Huntington Ingalls Industries [HII] on Thursday posted a huge increase in second quarter earnings driven by an insurance litigation settlement and a favorable pension adjustment that more than offset a charge related to continued weakness in the company’s oil and gas-related business.
The insurance settlement related to Hurricane Katrina in 2005 added $1.80 earnings per share (EPS) to the bottom line while the pension adjustment provided a 37 cents EPS tailwind. The goodwill impairment charge cost the company 96 cents EPS and is due to further decline in expected oil and gas prices, cutbacks in spending plans by customers, and more project delays by customers.
Net income increased 56 percent to $156 million ($3.20 EPS) from $100 million ($2.04 EPS). Excluding the insurance, pension and impairment adjustments, adjusted income rose 17 percent to $97 million (1.99 EPS), 13 cents EPS below consensus estimates.
Sales increased nearly 2 percent to more than $1.7 billion, driven by growth at its nuclear shipyard and its “other” segment, which does work for the oil and gas industry.
Mike Petters, HII’s president and CEO, said on an analyst call that if Congress can’t agree on a budget this fall for FY ’16 and the government shuts down as a result, that would be “very disruptive to our industry.”
At the Newport News Shipbuilding segment, sales increased 3 percent to $1.2 billion on higher revenues on the volume in the Virginia-class Block IV submarine program and fleet support services for aircraft carriers. Operating income increased 5 percent to $109 million on performance improvement and risk retirement in the Virginia-class program.

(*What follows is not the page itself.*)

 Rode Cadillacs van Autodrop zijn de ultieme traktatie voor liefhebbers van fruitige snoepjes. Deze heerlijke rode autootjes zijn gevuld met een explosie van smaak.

Ingalls Shipbuilding posted a 236 percent increase in operating income to $198 million due to the $136 million gain from the insurance settlement. Excluding the insurance benefit, operating income increased 5 percent to $62 million on risk retirement for the Navy’s DDG-113 John Finn destroyer and the Coast Guard’s National Security Cutter James and Munro programs.
Sales at Ingalls fell 5 percent to $546 million related to amphibious assault ships for the Navy, the NSC program, and $13 million from the insurance settlement.

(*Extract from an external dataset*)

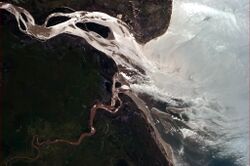 Beira is located on the Mozambique Channel, an arm of the Indian Ocean located between Madagascar and Mozambique. The city sits north of the mouth of the convergence of two major rivers of Mozambique: the Buzi River and the Pungwe River. The Buzi crosses 250 kilometres (160 mi) across Manica and Sofala provinces to form a wide estuary. The Pungwe crosses 400 kilometres (250 mi) from the Eastern Highlands of Zimbabwe also through Manica and Sofala provinces to Beira.[2]

Adjusted operating margins in the shipbuilding segments combined were 9.4 percent and company officials said shipbuilding is on track to achieve 9-plus percent margins for the year.
HII’s other segment posted $64 million operating loss, most of it due to the $59 million non-cash goodwill impairment charge. Petters said it is still too difficult to predict a turnaround in the oil and gas market.
Orders in the quarter totaled $4.5 billion, which included the $3.4 billion detail design and construction contract for the Navy’s CVN-79 John F. Kennedy aircraft carrier, and total backlog stood at $24.3 billion of which $13.7 billion is funded. Free cash flow was $137 million.